Interesting discussion (warning) came up regarding charging your 12V battery in the car if the battery is weak or failing. Given that the Tesla normally charges the 12v battery periodically when awake, what happens when you have a charger attached, the 12V is proceeding to charge up, then suddenly the car comes back alive and attempts to simultaneously charge it? Thoughts on the outcome?


----------



## JasonF (Oct 26, 2018)

RMann said:


> Interesting discussion (warning) came up regarding charging your 12V battery in the car if the battery is weak or failing. Given that the Tesla normally charges the 12v battery periodically when awake, what happens when you have a charger attached, the 12V is proceeding to charge up, then suddenly the car comes back alive and attempts to simultaneously charge it? Thoughts on the outcome?

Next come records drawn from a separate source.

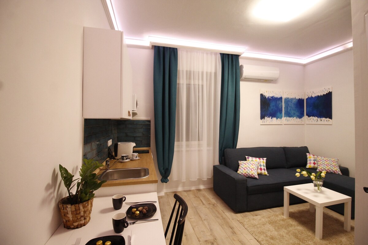 Enjoy a stylish experience at this centrally-located place. In the heart of Győr- Downtown, in the pedestrian street, we have created this modern studio apartment. A unique experience to spend a few days in the bustle of the city center, among the old Baroque buildings. We provide free parking for our guests in a nearby underground garage. The apartment is fully equipped, quiet. It is ideal for two people for a longer stay, and for 3-4 people for one or two nights. Good wifi, smart tv and Netflix.
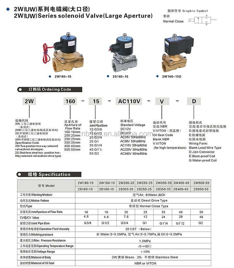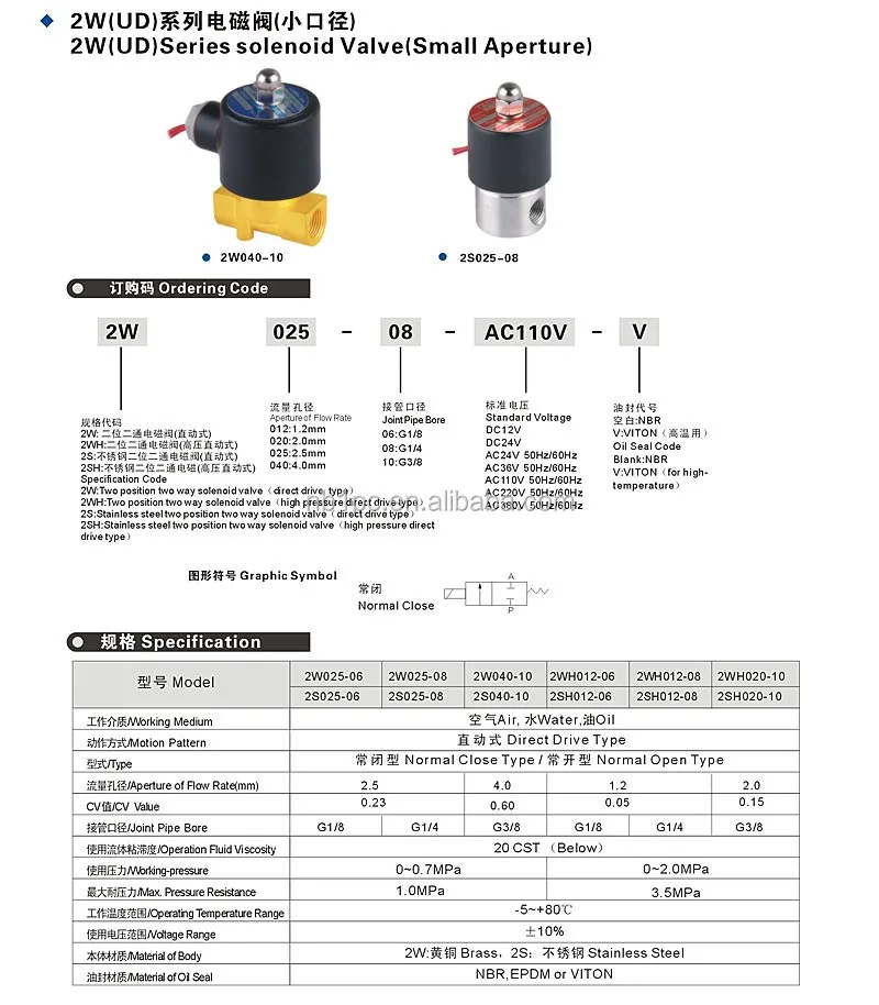 Two position, two way, normal close switch, magnetic solenoid water valve.
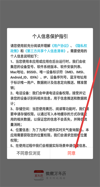 1、在“個人信息保護指引”彈窗點擊“同意”,進入微鯉萬年歷主界面。
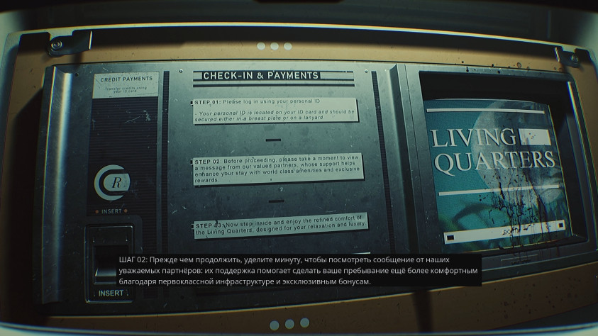 Но и безопасные зоны в игре присутствуют, в них всегда есть проектор, проецирующий картинку на всю стену. Активация беспроводного подключения рядом с подобным проектором позволит герою просмотреть доступные данные в ИПК. Найденные пароли, видеозаписи, проливающие свет на события на станции, текущие цели и задания, и их статус, а самое главное именно тут происходит сохранение игры. При столкновении с врагами герой погибает от одного-двух ударов, никаких аптечек действительно в игре нет, достаточно отбежать в безопасное место, чтоб перевести дух и условное здоровье восстановиться. Но и никакой перманентной смерти тоже нет, за эти годы вышли десятки проектов подобного жанра, разработчики верно расценили, что такая механика нанесла бы больше вреда сюжетному приключению и отказались от неё. Отказались они и от нелинейности. Да, изначально на выбор предоставлены две локации для изучения, но отправившись во вторую игрок посмотрит на закрытую дверь и вернётся на уготованные рельсы.
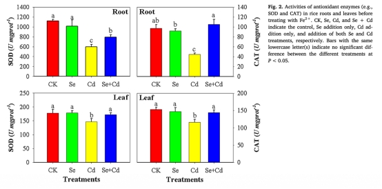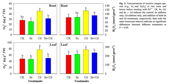 3. ROS水平(O2-和H2O2):來自圖3。研究意義:Cd增加了ROS水平(根O2-增加62.4%,H2O2增加39.2%),而Se降低了這些水平(根O2-減少31.7%,H2O2減少19.5%)。該數據證實了Se能有效清除ROS,減少氧化損傷。
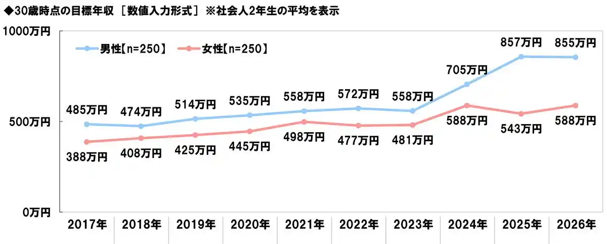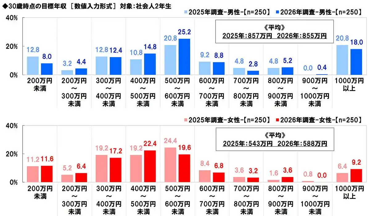 社会人2年生の30歳時点の目標年収について、男女別にみると、平均は男性855万円、女性588万円となりました。 (図9) |

I don't think the car would attempt to charge it in that case, because it would detect that the 12V bus voltage is high. If it didn't have that safety built in, the 12V battery would explode in a very short time.


----------



## webe3owners (Nov 18, 2018)

Even in the unlikely case of it happening nothing bad would happen. Back biasing at that level wouldn’t hurt anything.


----------



## JWardell (May 9, 2016)

It's not going to hurt anything per se, both will be targeting ~14.5V. But regularly using the charger will probably start causing errors as the car tracks all energy in and out of the 12v battery and this will throw it off. More for emergency use when you are already having 12v battery errors and issues.


----------